Monday, February 9, 2009

Telekinesis (for kids!)

The Globe and Mail did an article last week on the best new high-tech toys on the market. They 0nly listed four, and most of them, to be honest, weren't that cool: a couple of robots (an anthropomorph and one that looks like an overhead projector) and a toy car presumably based on the auto industry's response to the economic meltdown.

What was completely awesome, on the other hand, is the Jedi Force Trainer by Uncle Milton, a science-y toy company with apparent ties to Lucas Arts (their website boasts Star Wars and Indiana Jones related projects with alleged "science" tie-ins).
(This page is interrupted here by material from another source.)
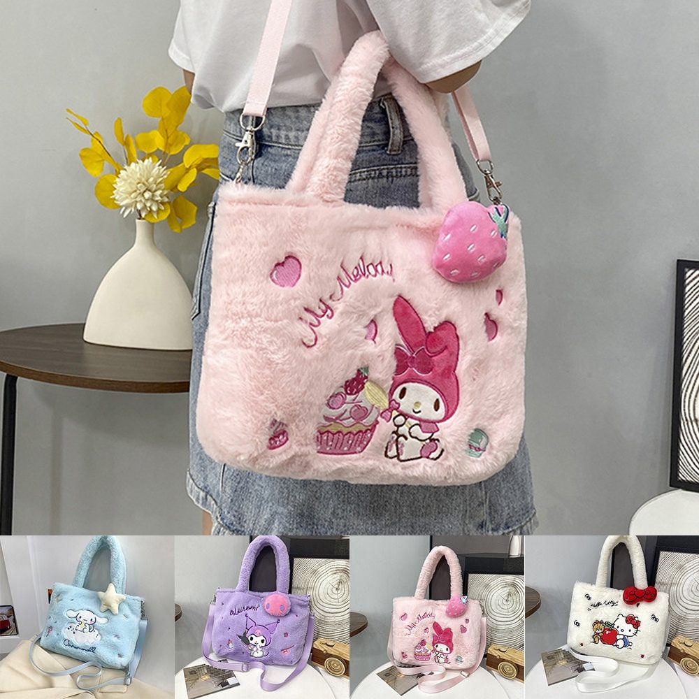 Sanro Saco De Pelúcia Kuromi Ombro Canela Hello Kitty Melody Plush Mão De Corpo Cruzado Casual Meninas De Pequeno

The Jedi Force Trainer basically consists of a ping pong ball, a tube, a high-tech tube stand, and an even higher-tech headband/funny hat. The headpiece is actually an electroencephalography (EEG) device, designed to detect a certain form of brain wave, the electromagnetic activity in your brain which compose your thoughts. The idea is simple: concentrate and you'll activate a tiny fan (I assume), which elevates the ball - yeah, it's not real telekinesis, but what do you want for under 100 bucks?

One-upping the Jedi Force Trainer is Matel's Mind Flex. Remember when we all thought Mattel made hoverboards after seeing them in Back to the Future 2? Well, now they make hover balls, which you can move through an obstacle course using the power of thought (and a dial to move the obstacle course around the ball).

Of course, questions abound. Namely, can I concentrate on anything to get the ball to move, or do I have to think of the ball? Do other thoughts, or mental states/emotions (such as anger, hate, fear... you know, dark side stuff) also work? Does it help if I'm tiny, green, and 900 years old?

The big question, though, is really whether or not this is the shape of toys to come. Are we slowly getting rid of hand-eye coordination (or at least minimizing their use), replacing it with mind-eye coordination? Is this the bold, new future of entertainment (especially gaming and transportation, as Emotive Systems is doing), or is this the "virtual reality" of the 21st century? Only time - and consumer habits and techonological advances - will tell.

Check out Mattel's Mind Flex below:


  1. These toys are similar if not identical to one I used at the Montreal Science Centre. It didn't offer up a lot of explanation (a problem throughout the exhibit) so I had to poke around afterward to get more information.
    The game involved two players at opposite ends of the table, each trying to force the ball towards their opponent. It turns out the calmest, more relaxed of the two is meant to win, much to the chagrin of the middle-aged man I watched lose to an eight-year old boy. The more he grew upset about losing, the faster the ball rolled towards him.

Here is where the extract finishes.